Yes, Matilda S. Burris was the daughter of Robert Burris and Susan Miller. She was married first, 19 May 1870, Hardin County, Ohio, to William W. Longstaff and secondly 1 March 1873, Hardin County, to Jonathan Rizor. I’m not sure why Goldie Channell/Rizor would have believed her grandfather was a George Burris, since there were no known George Burris’ in the Hardin County area. However, I am interested in Goldie; do you know if her mother, Ada Rizor, was ever married to Sidney A. Channell? I am trying to determine the timeline here, since Goldie/Golda was born 25 Dec 1899 and Ada married Zedakiah Dawson 19 Feb 1901, but was called Ada Benedict on this marriage record. Do you know anything about the Benedict marriage? Also, do you have any photos of Matilda? My ancestor was her brother Arthur, and I have not yet been able to find any photos of him.
I have found nothing in original sources that would indicate the Burris or Miller families had a Native American connection. The Millers seem to be of German ancestry and from Pennsylvania. The Burris’ were from Maryland and apparently of English ancestry. I did have a descendant of Mahala Burris, eldest daughter of Robert and Susan, say they believed Mahala was an Indian, but upon further investigation into the story, they apparently believed this because of the name Mahala, and the many sources claiming this to mean “woman” in some Native American language. In this case, Mahala Burris was probably named for her aunt, Mahala (Miller) Douglass, b. 1818, Muskingum County, Ohio. A search of the 1850 census shows 13,600 Mahalas, spread all over the United States, so it certainly was not an unusual name and certainly did not imply a Native American origin for all of these women. Sometimes these stories came about due to a family member being taken by the Indians or living with them for some period. It is hard to say where this story began, but although I have found some Burris family members that married into families of freed slaves; I have found nothing on Native Americans.
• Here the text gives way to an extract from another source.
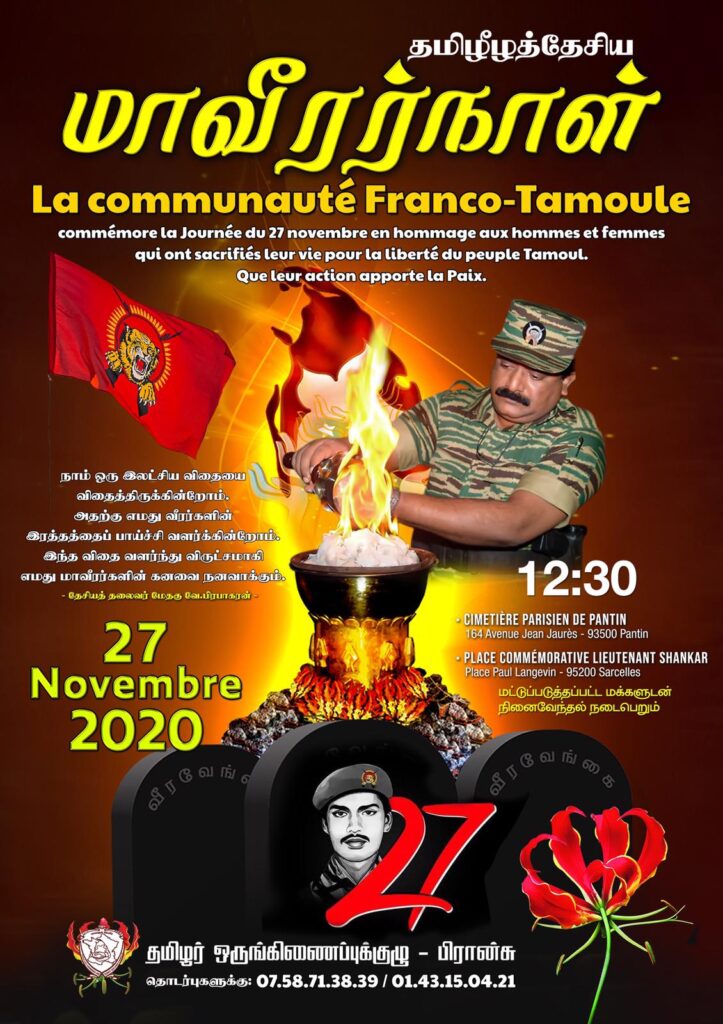 அதேவேளை எமது தேசத்தின் நினைவுகளை எமது மக்களோடு பகிர்ந்து கொள்ளும் நிகழ்வுகளை லாச்சப்பல் பகுதியில் செய்வதற்கு பிராான்சு உள்நாட்டமைச்சின் காவல்துறை அனுமதியை வழங்கியிருப்பதும் குறிப்பிடத்தக்கது. தேசிய தலைவரின் 66 ஆவது அகவை லாச்சப்பல் பகுதியில் கொண்டாடுவதற்கு ஏற்பாடுகள் செய்யப்படுகின்றன. நாளை 26.11.2020 வியாழக்கிழமை பி. பகல் 2.00 மணிமுதல் 5:00 மணிவரை நிகழ்வுகள் நடைபெறவுள்ளது. மக்கள் கோவிட் 19 சுகாதார வழிமுறைகளைப்பேணி முகக்கவசம் அணிந்து (Masque) நோய்க்கிருமி அழிக்கும் மருந்து பாவித்து கலந்துகொள்ளுமாறும் கேட்டுக்கொள்ளப்படுகின்றது.
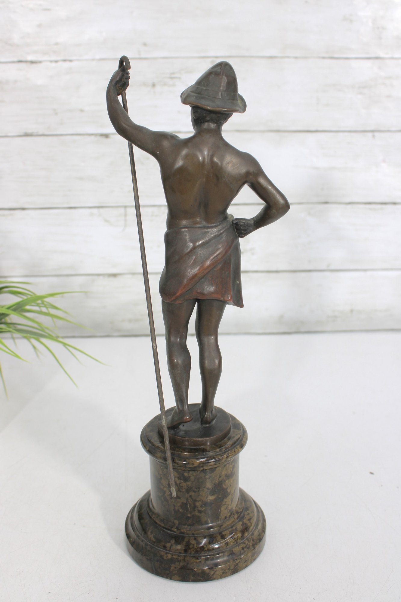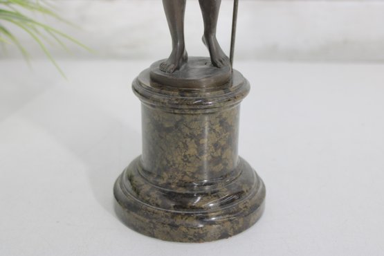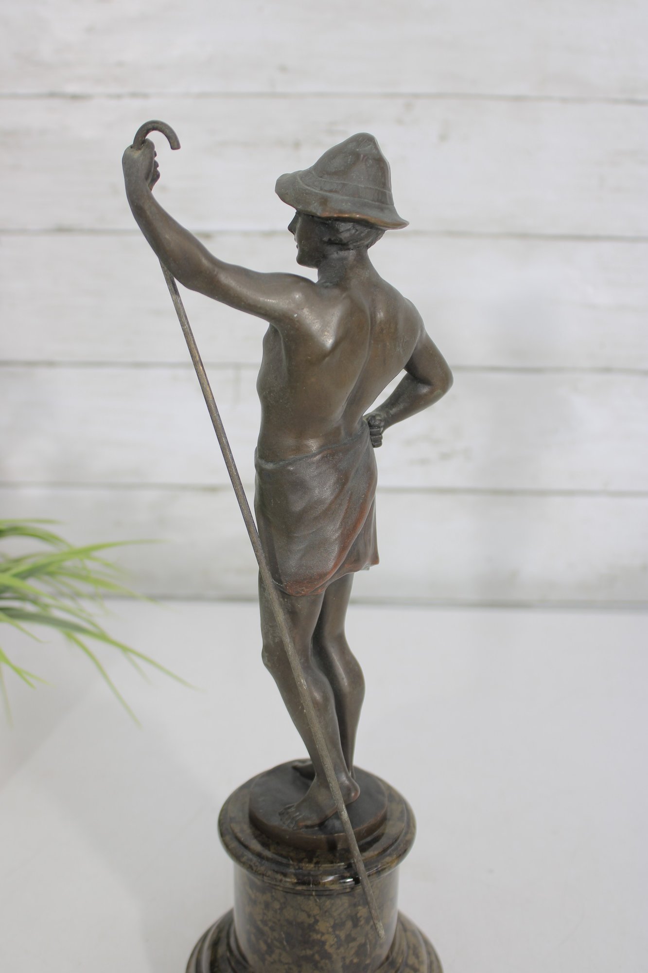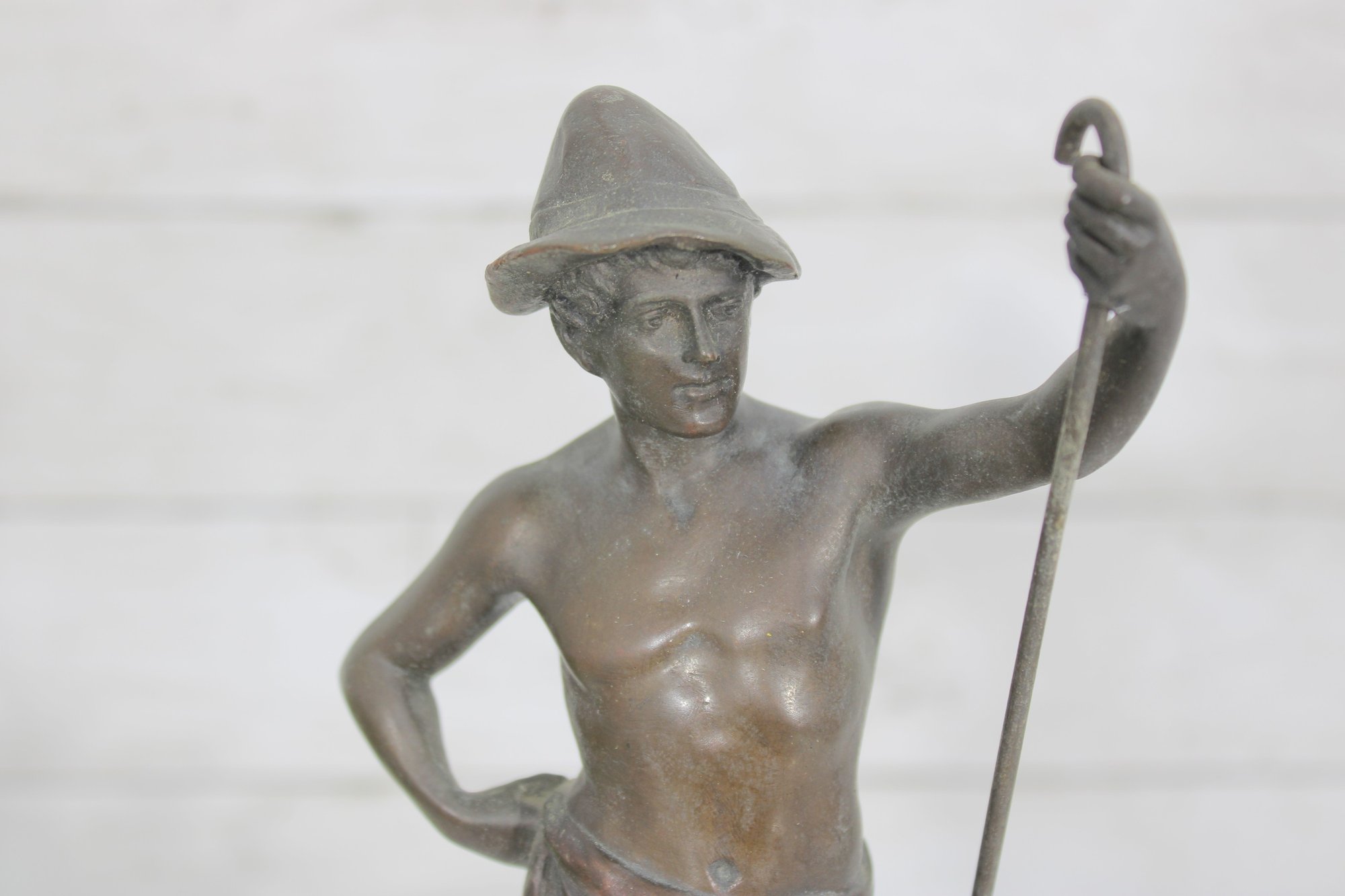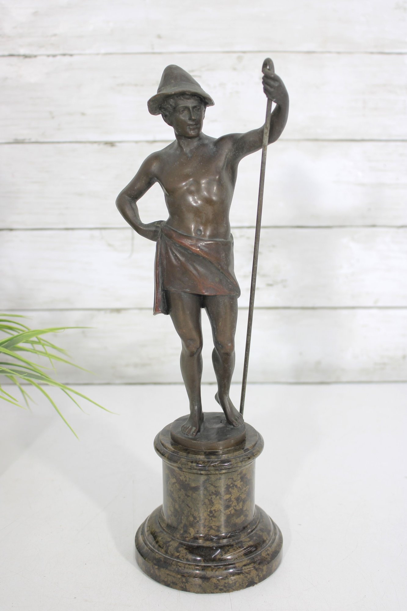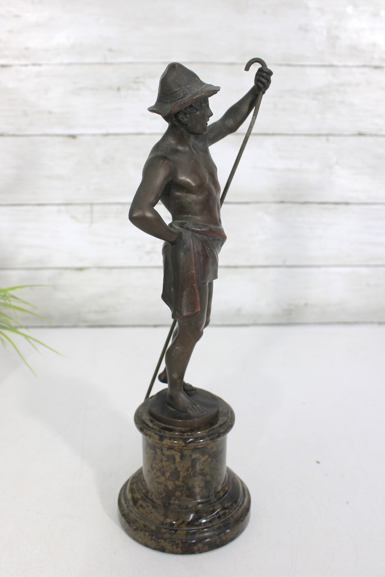 here is “The Shepherd,” a finely detailed patinated bronze sculpture depicting a classical shepherd figure standing confidently with staff in hand. The composition captures a timeless pastoral elegance, blending naturalism with classical proportion and movement.

MAHALA: This name is usually said to mean "woman" in an unspecified Native American language, or sometimes a more fanciful meaning like "eyes of the sky" or "tender fawn." Those translations come from 19th-century romance novels and are fictional; however, Mahala does have at least two distinct Native American sources. One is that "mahala" (pronounced mah-hah-lah) was a slang word for an Indian woman in 1800's California. It came from a Mission Indian mispronunciation of the Spanish word "mujer" (which means woman.) As far as we know no Indian women have this name, but it is used in some place names in California, and "mahala mat" is another name for the plant also known as "squaw carpet." This is probably where the idea that Mahala means "woman" came from. It is less derogatory than the word "squaw," but is not really a native word. The second source of this name is the woman's name Mahala (pronounced mah-hey-lah) or Mahaley, which was fairly common among the southeastern Indian tribes (Cherokee, Choctaw, Chickasaw, Creek, etc.) during the 1800's. Unfortunately the origin of this name isn't clear; the word "mahala" does not have any meaning in any Indian language of the southeast. It may have been one of many Indian variants on the name Mary, or possibly a variant of Michaela. Or it could have been a corrupted or shortened form of a longer Indian woman's name or names. In the Tutelo and Saponi languages (two closely related southeastern Indian languages that are extinct today), the word for "woman" was "mahei," so it's possible that a name or set of names including the word "mahei" got corrupted into Mahala at some point in time. Or it's also possible that the name might have had African origins (many of the southeastern Indian tribes, especially the Saponi, were known for taking in African-Americans.)